DESCRIPTION (provided by applicant): The overarching theme of this proposal is that polymorphisms identified by recent Alzheimer's disease (AD) genome wide association studies biologically define rate-limiting steps in AD pathways. Hence, elucidating their mechanism of action will identify robust pharmacologic targets. Notably, a SNP with modest molecular actions may reduce AD risk by 10% but a drug that acts strongly at the same target may have a large effect on AD risk. This proposal will elucidate the mechanism of action of rs3865444 (rs444), an AD-associated SNP in CD33, and translate this mechanism into a proof of concept AD treatment. In our highly compelling preliminary results, we associate the AD-protective minor allele of rs444 with (i) a robust increase in the proportion of CD33 lacking exon 2 (D2-CD33) which appears critical to CD33 function. Large pharma have developed humanized monoclonal antibodies against CD33 for acute myeloid leukemia (AML); these antibodies and their derivatives have potential AD relevance as CD33 antagonists. This leads to our global hypothesis: Reduced CD33 function decreases AD risk whether CD33 inhibition is due to genetics or pharmacologic agents. To test our hypothesis, we will (i) Elucidate the mechanism underlying the CD33 AD SNP, (ii) Compare CD33 and D2- CD33 function, especially relative to AD pathogenic mechanisms, and (iii) Translate CD33 genetics into a novel AD therapeutic mimic. Overall, this focused proposal will develop our compelling mechanistic genetic results, elucidate the differences in D2-CD33 and CD33 function, and begin to translate these changes into an AD-preventive agent. In work beyond the scope of this focused proposal, we anticipate that these therapeutic agents will be tested in "AD" murine models that are transgenic for human CD33 and, eventually, humans.

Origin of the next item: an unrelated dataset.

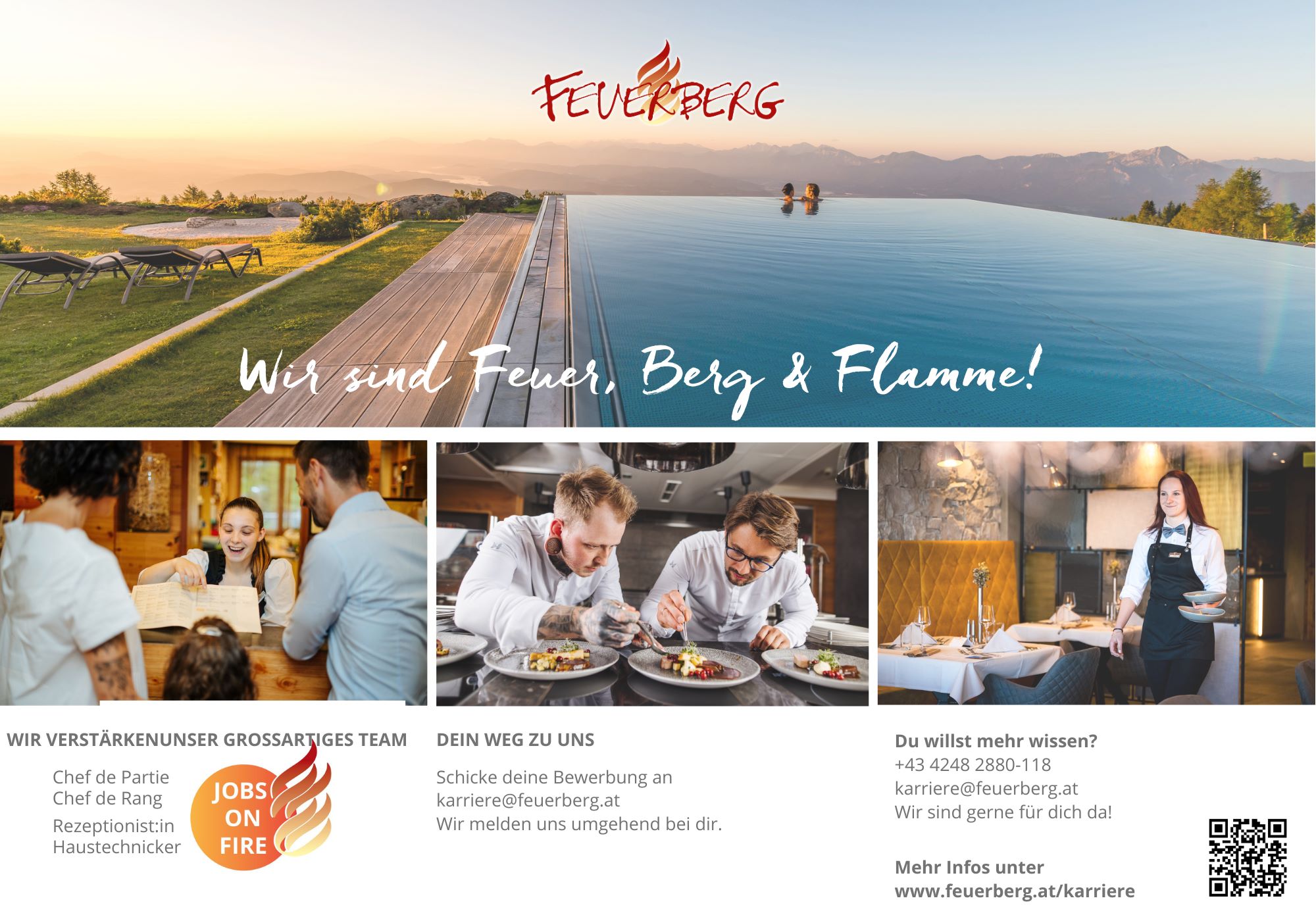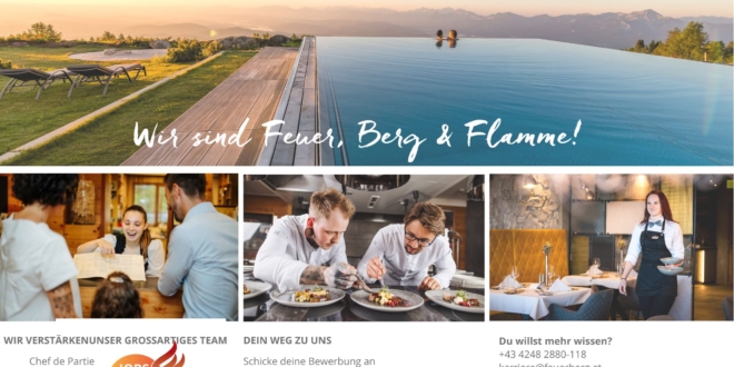 Um sich als Arbeitgeber ständig weiterzuentwickeln, stellt sich das Mountain Resort Feuerberg freiwillig unabhängigen Mitarbeiterbefragungen und Arbeitgeberbewertungen. Doch auch unabhängige Medien bewerten. So wurde der Feuerberg z. B. im Vorjahr vom Fachmagazin Rolling Pin als bester Arbeitgeber“ ausgezeichnet. Den Teamspirit spüren auch die Gäste. So gab es kürzlich zum 13. Mal in Folge den Gold Award von „Holiday Check“. www.feuerberg.at

描述（由申请人提供）：该提案的首要主题是，最近阿尔茨海默氏病（AD）全基因组关联研究鉴定的多态性从生物学上定义了 AD 途径中的限速步骤。因此，阐明其作用机制将确定强大的药理学靶点。值得注意的是，具有适度分子作用的 SNP 可以将 AD 风险降低 10%，但对同一靶标作用强烈的药物可能会对 AD 风险产生很大影响。该提案将阐明 rs3865444 (rs444)（CD33 中与 AD 相关的 SNP）的作用机制，并将该机制转化为 AD 治疗的概念验证。在我们非常引人注目的初步结果中，我们将 rs444 的 AD 保护性小等位基因与 (i) 缺乏外显子 2 (D2-CD33) 的 CD33 比例的强劲增加联系起来，外显子 2 (D2-CD33) 似乎对 CD33 功能至关重要。大型制药公司已开发出针对急性髓系白血病（AML）的 CD33 人源化单克隆抗体；这些抗体及其衍生物作为 CD33 拮抗剂具有潜在的 AD 相关性。这引出了我们的总体假设：无论 CD33 抑制是由于遗传还是药物因素，CD33 功能降低都会降低 AD 风险。为了检验我们的假设，我们将 (i) 阐明 CD33 AD SNP 的潜在机制，(ii) 比较 CD33 和 D2-CD33 的功能，特别是与 AD 致病机制相关的功能，以及 (iii) 将 CD33 遗传学转化为新型 AD 治疗模拟物。总体而言，这一重点提案将开发我们令人信服的机制遗传结果，阐明 D2-CD33 和 CD33 功能的差异，并开始将这些变化转化为 AD 预防剂。在超出本重点提案范围的工作中，我们预计这些治疗剂将在“AD”小鼠模型中进行测试，这些模型对人类 CD33 进行转基因，并最终在人类中进行测试。